SOURCE MATERIAL >>

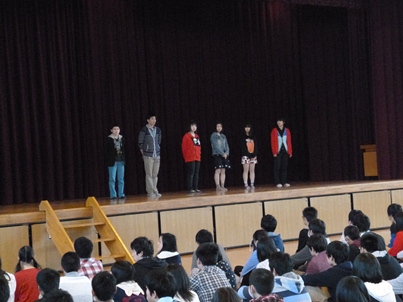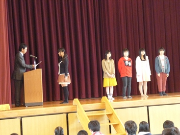 まず、後期生徒会役員6人の生徒が登壇し、後期生徒会役員を代表して会長から挨拶がありました。 「後期の活動として、生徒会誌『嶺』の編集と、クラスマッチの運営がありました。クラスマッチの運営では多少ミスがありましたが、スムーズに進行することができました。課題としては『目安箱』に寄せられたみなさんの要望を実現することができなかったことです」
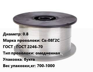 Проволока сварочная 0.8 Сталь: Св-08Г2С ГОСТ: ГОСТ 2246-70 омедненная бухта 700-1000
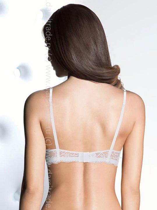 Бюстгальтер с двухслойными мягкими чашками без костей. Съемные формованные вкладыши. Несъемные, регулируемые бретели. Выполнен из микрофибры и кружевной тесьмы. Застежка в два ряда на 3 позиции. Коллекция "
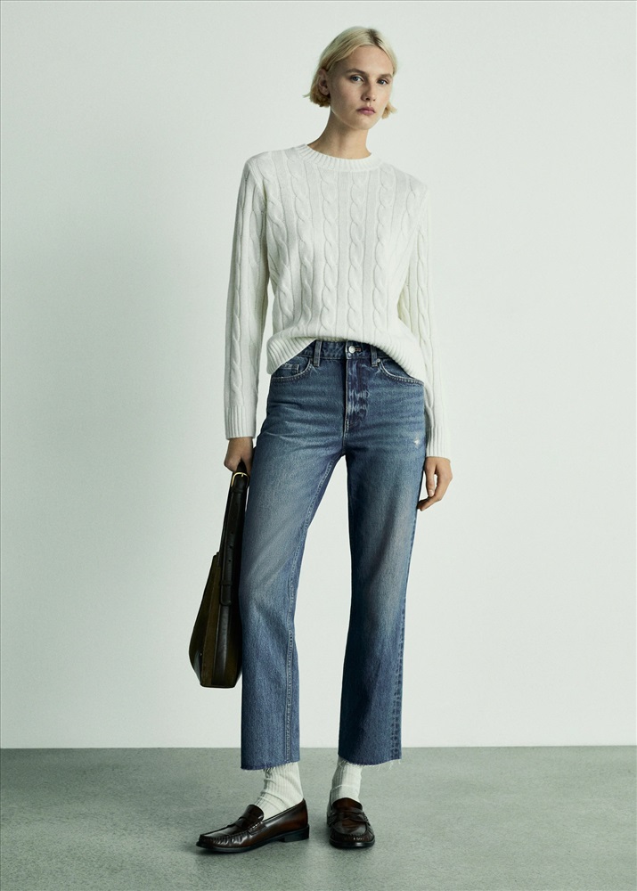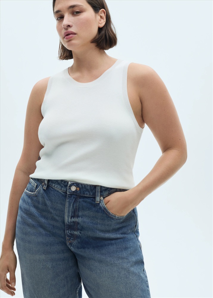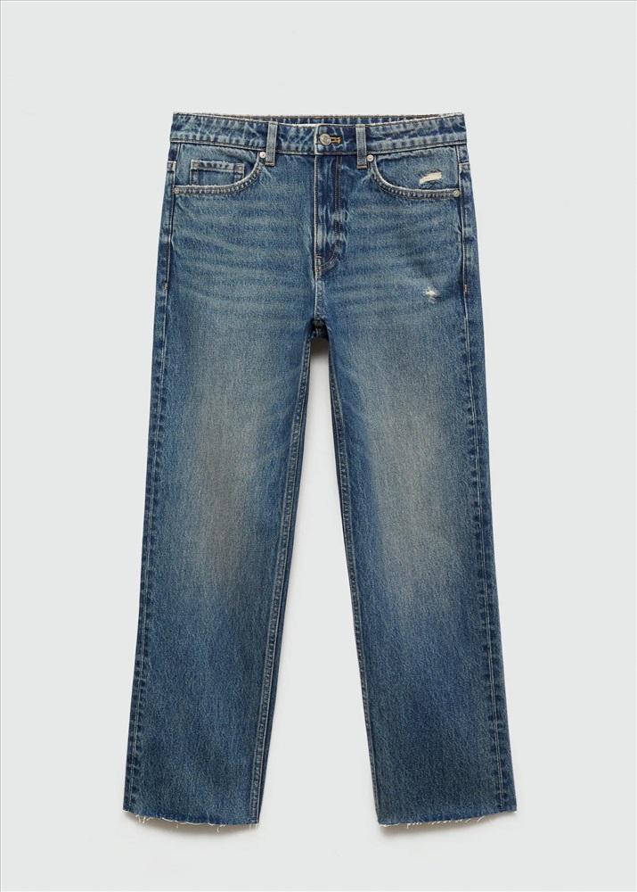 Tejido de algodón estilo tejano vaquero. Diseño recto. Diseño crop. Tiro medio. Trabillas. Cinco bolsillos. Cierre de cremallera y botón. Bajo deshilachado. Largo interior 68 cm. Disponible Plus.
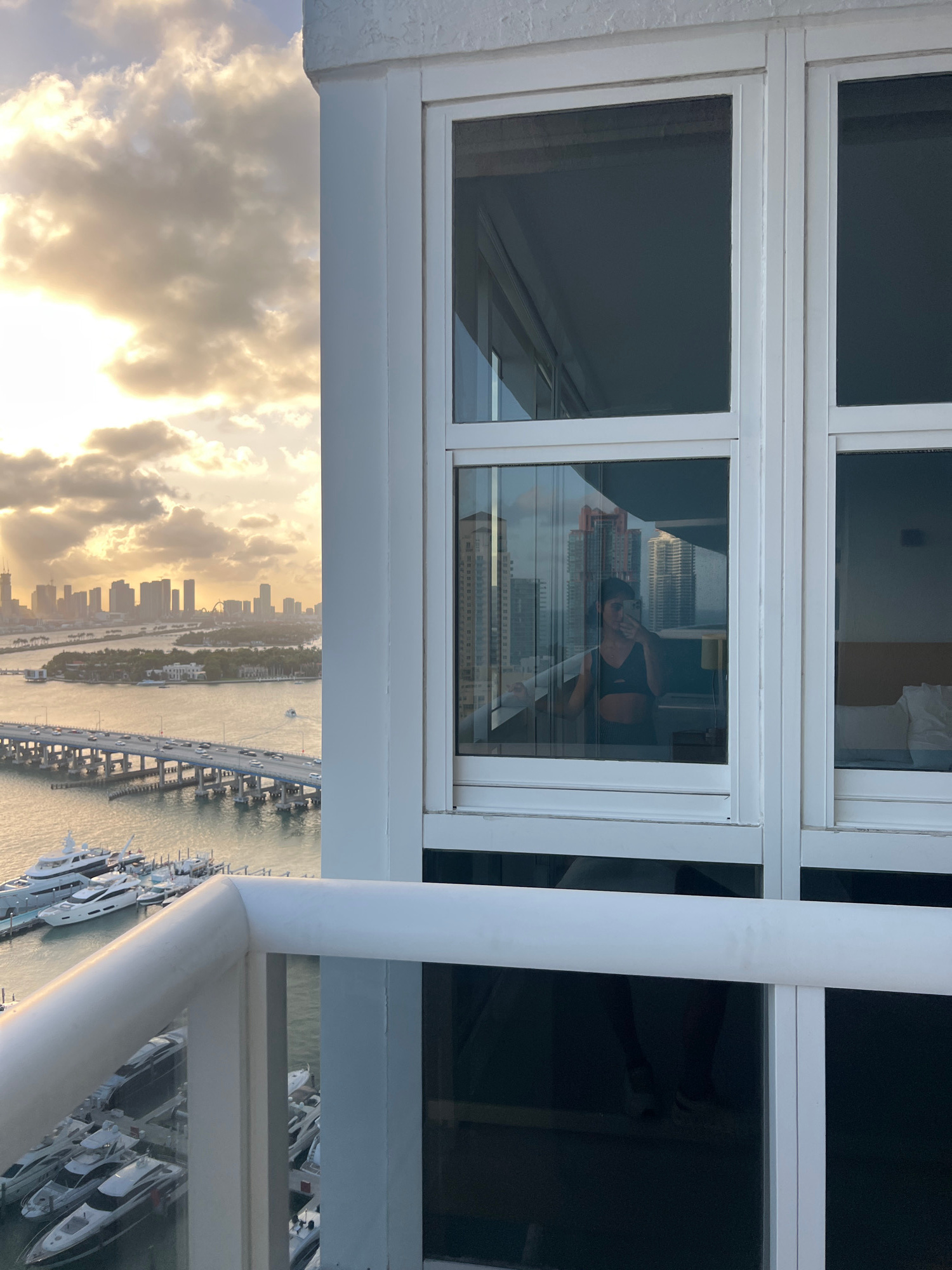 The scene depicts a view from a high-rise building, possibly a condominium, in Miami Beach, United States. The camera is positioned looking out a multi-pane window and over a balcony railing. The visi…read more
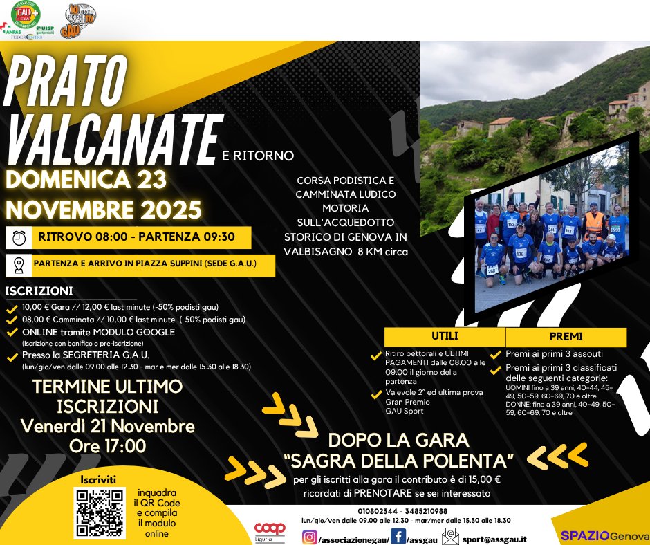 Descrizione: Competitiva e ludico motoria di Km 8. Partenza ore 09:30 da Piazza Giuliano Suppini 4 (Sede GAU)
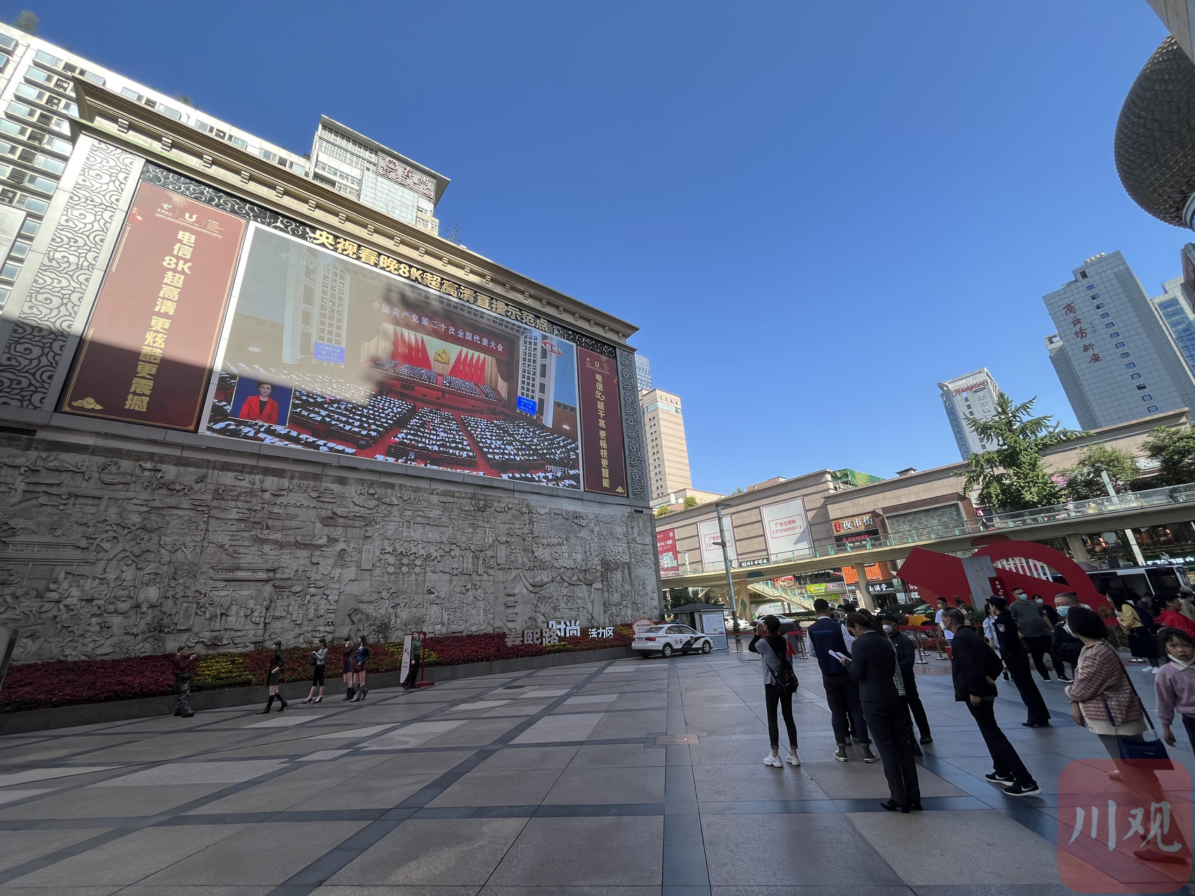 金秋盛会,举世瞩目。10月16日,成都市锦江区,阳光洒满春熙路。行人游客翘首以盼,纷纷在春熙路北口的大屏幕前驻足,期待着、盼望着,共同见证这一历史性时刻——
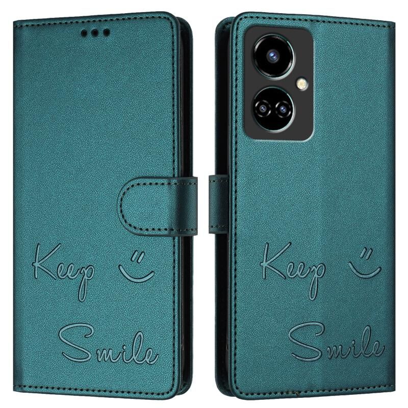 For Tecno Camon 19 Smile Embossing RFID Leather Phone Case(Peacock Green)
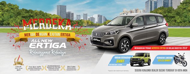 Dalam semarak program MERDEKA, selama Agustus sampai September 2019, pelanggan Suzuki yang membeli All New Ertiga berkesempatan memenangkan undian berhadiah satu unit mobil legendaris Suzuki Jimny.
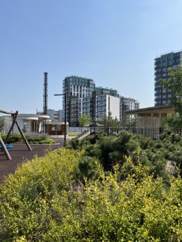 - Рядом ТЦ Охта Молл и другие магазины (в том числе кафе, аптеки, Пятерочка, ВкусВилл)

ASSIGNMENT >> Reproduce the records exactly, images excluded.

OUTPUT FOR THIS EXERCISE >>
 まず、後期生徒会役員6人の生徒が登壇し、後期生徒会役員を代表して会長から挨拶がありました。 「後期の活動として、生徒会誌『嶺』の編集と、クラスマッチの運営がありました。クラスマッチの運営では多少ミスがありましたが、スムーズに進行することができました。課題としては『目安箱』に寄せられたみなさんの要望を実現することができなかったことです」
 Проволока сварочная 0.8 Сталь: Св-08Г2С ГОСТ: ГОСТ 2246-70 омедненная бухта 700-1000
 Бюстгальтер с двухслойными мягкими чашками без костей. Съемные формованные вкладыши. Несъемные, регулируемые бретели. Выполнен из микрофибры и кружевной тесьмы. Застежка в два ряда на 3 позиции. Коллекция "
 Tejido de algodón estilo tejano vaquero. Diseño recto. Diseño crop. Tiro medio. Trabillas. Cinco bolsillos. Cierre de cremallera y botón. Bajo deshilachado. Largo interior 68 cm. Disponible Plus.
 The scene depicts a view from a high-rise building, possibly a condominium, in Miami Beach, United States. The camera is positioned looking out a multi-pane window and over a balcony railing. The visi…read more
 Descrizione: Competitiva e ludico motoria di Km 8. Partenza ore 09:30 da Piazza Giuliano Suppini 4 (Sede GAU)
 金秋盛会,举世瞩目。10月16日,成都市锦江区,阳光洒满春熙路。行人游客翘首以盼,纷纷在春熙路北口的大屏幕前驻足,期待着、盼望着,共同见证这一历史性时刻——
 For Tecno Camon 19 Smile Embossing RFID Leather Phone Case(Peacock Green)
 Dalam semarak program MERDEKA, selama Agustus sampai September 2019, pelanggan Suzuki yang membeli All New Ertiga berkesempatan memenangkan undian berhadiah satu unit mobil legendaris Suzuki Jimny.
 - Рядом ТЦ Охта Молл и другие магазины (в том числе кафе, аптеки, Пятерочка, ВкусВилл)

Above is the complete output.